■ Task brief
Write out the data again exactly, skipping every picture.

(Data segment)

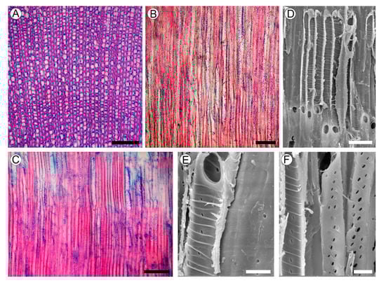 - Carlquist, S. Comparative Wood Anatomy. Systematic, Ecological, and Evolutionary Aspects of Dicotyledon Wood, 2nd ed.; Springer: Berlin/Heidelberg, Germany, 2001; pp. 1–448. [Google Scholar]
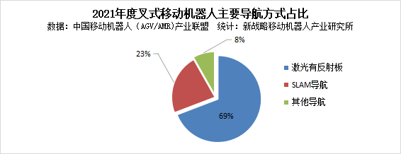 從產品類別分布看,2021年,激光有反射板叉車依舊是市場應用主流,占比為69%,其次是SLAM導航無人叉車,在一些對機器人柔性化程度要求高的場景中逐漸滲透,占比為23%。
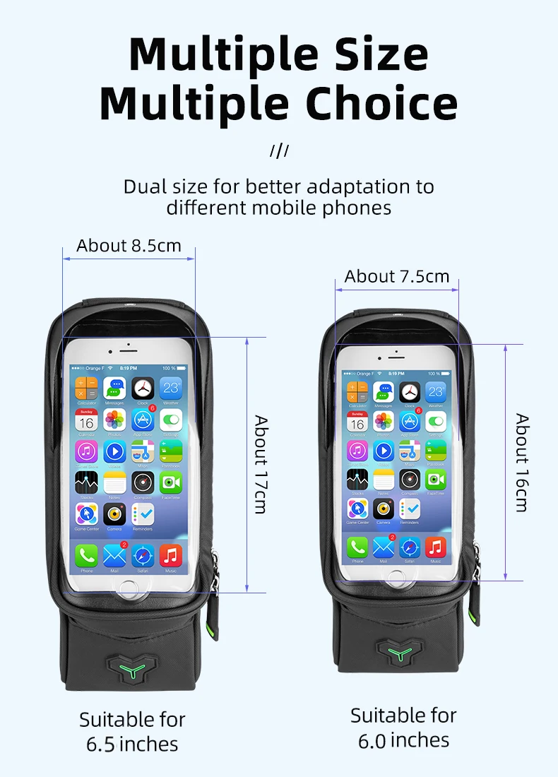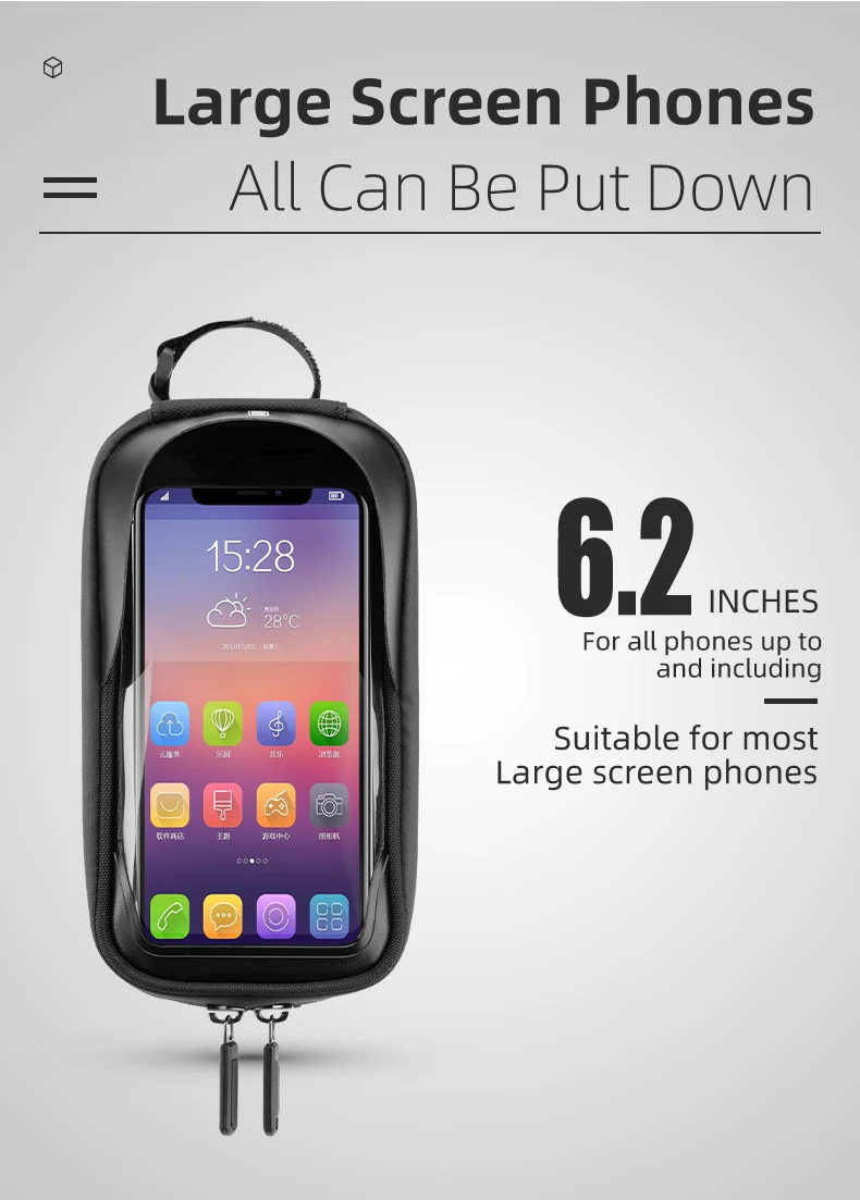 Велосипедная сумка подходит для горного велосипеда и удерживает мой телефон Motorola или Garmin trex 10 GPS. Сумка Большая для GPS, однако она все еще подходит и работает. Есть дополнительная комната для хранения.
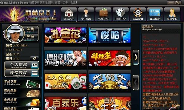 新葡京棋牌游戏平台有多款深受玩家喜爱的棋牌游戏。产品风格美观写实,单机联网均可正常游戏,深受玩家的喜爱,游戏包括了扎金花、梭哈、德州扑克等扑克类游戏,还有二人麻将等麻将类游戏。

(End Data segment)

■ Answer to this task
 - Carlquist, S. Comparative Wood Anatomy. Systematic, Ecological, and Evolutionary Aspects of Dicotyledon Wood, 2nd ed.; Springer: Berlin/Heidelberg, Germany, 2001; pp. 1–448. [Google Scholar]
 從產品類別分布看,2021年,激光有反射板叉車依舊是市場應用主流,占比為69%,其次是SLAM導航無人叉車,在一些對機器人柔性化程度要求高的場景中逐漸滲透,占比為23%。
 Велосипедная сумка подходит для горного велосипеда и удерживает мой телефон Motorola или Garmin trex 10 GPS. Сумка Большая для GPS, однако она все еще подходит и работает. Есть дополнительная комната для хранения.
 新葡京棋牌游戏平台有多款深受玩家喜爱的棋牌游戏。产品风格美观写实,单机联网均可正常游戏,深受玩家的喜爱,游戏包括了扎金花、梭哈、德州扑克等扑克类游戏,还有二人麻将等麻将类游戏。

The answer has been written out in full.